It’s been a wonderful conference for meeting people, learning new strategies, as well as reinforcing the methods I use for developing websites.
Yesterday, during the question and answer session at the end of the day with the Tuesday speakers, the topic of accessible websites came up.
The speakers had great suggestions for how to learn more about web accessibility:
- Install a screen reader (if you’re on Windows, install the free NVDA screen reader)
- Visit a page with a podcast and discover if you can access the content without turning on your speakers, and
- Learn about and enable VoiceOver on your Mac
Other suggestions included visiting The Accessibility Project, WebAIM, or Knowbility websites to read their resources and tutorials and learn about workshops. Or purchase the latest Rosenfeld Media book, A Web for Everyone by Whitney Quesenbery.
They’re all great ways to learn about web accessibility.
And I’ve shared those suggestions with my colleagues, Meetup members, and former co-workers.
But for whatever reason, they never took the time to do it.

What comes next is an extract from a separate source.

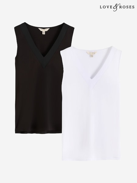 Black/White Square Neck Vest 2 Pack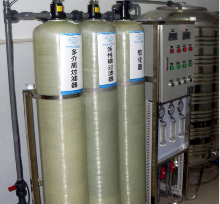 原水→水泵→石英砂過濾器→活性炭過濾器→軟水器→RO反滲透膜過濾→臭氧消毒→紫外線消毒→直接飲用的無菌水

It wasn’t that they didn’t want to learn more about web accessibility. They’re all web professionals who truly care about creating wonderful experiences for users.
The issue was finding the time.
Scheduling time to download and install a screen reader, enable VoiceOver, or reading a book they purchased; it just didn’t happen.

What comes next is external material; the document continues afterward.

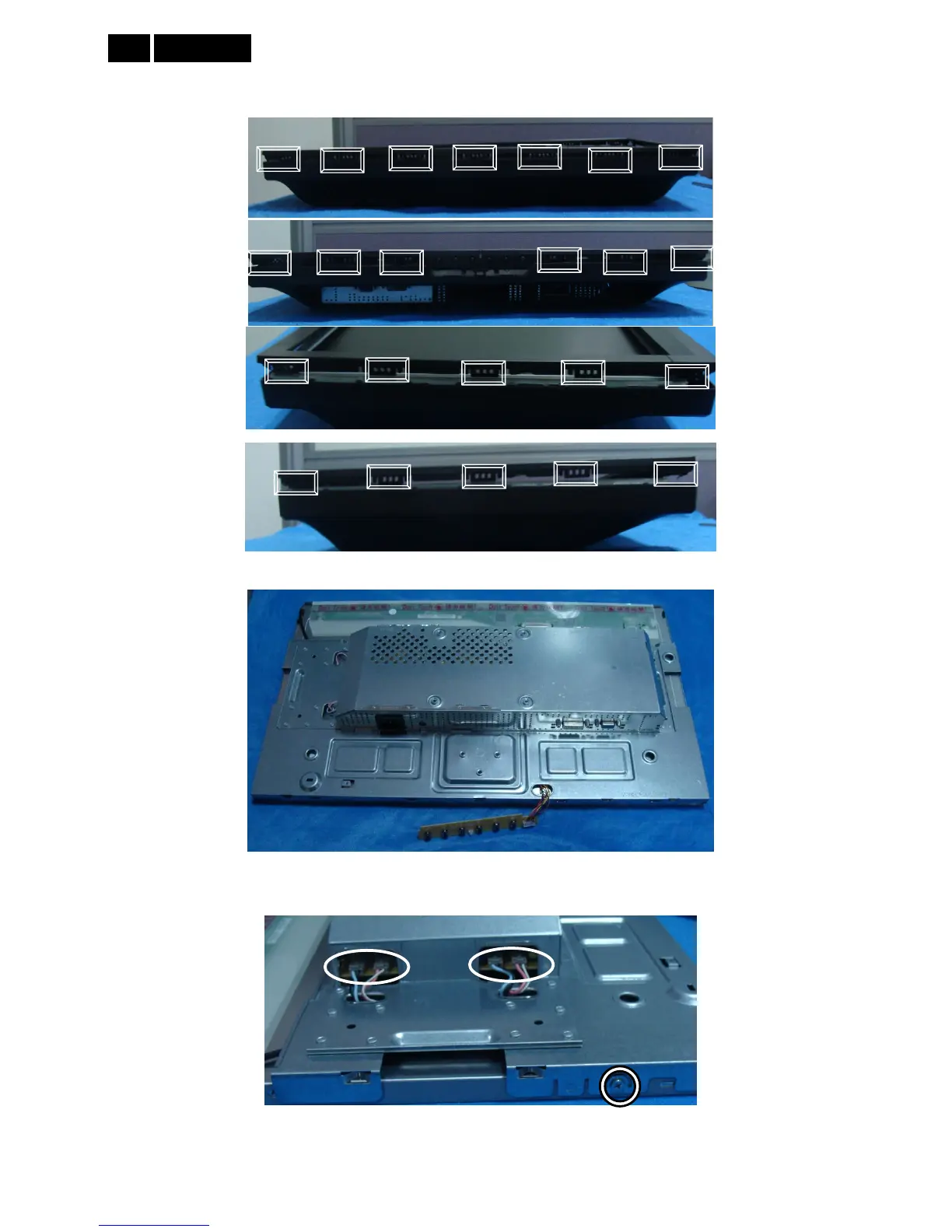 3. Use disassembly tool to open 7 latches at top, 6 latches at bottom, 5 latches at left and 5 latches at right of

I knew there had to be a quick way to help my colleagues and friends understand the barriers we create when we don’t consider accessibility as we build websites.
What do I tell people now?
Disconnect your mouse.
Navigate websites with a keyboard. Only use the tab, spacebar, Enter and arrow keys to move about a website. Don’t use the touchpad.
Do it for an hour. Or for ten minutes.
You’ll be surprised at what you discover.
The experience will make you think how you can create better keyboard navigation so more people can easily access your websites.
Last year, I shared five ways to learn about web accessibility for Global Accessibility Awareness Day. I’ve heard there’s another GAAD event this year, but their website hasn’t been updated for 2014. I’ll share more info when their 2014 site is published.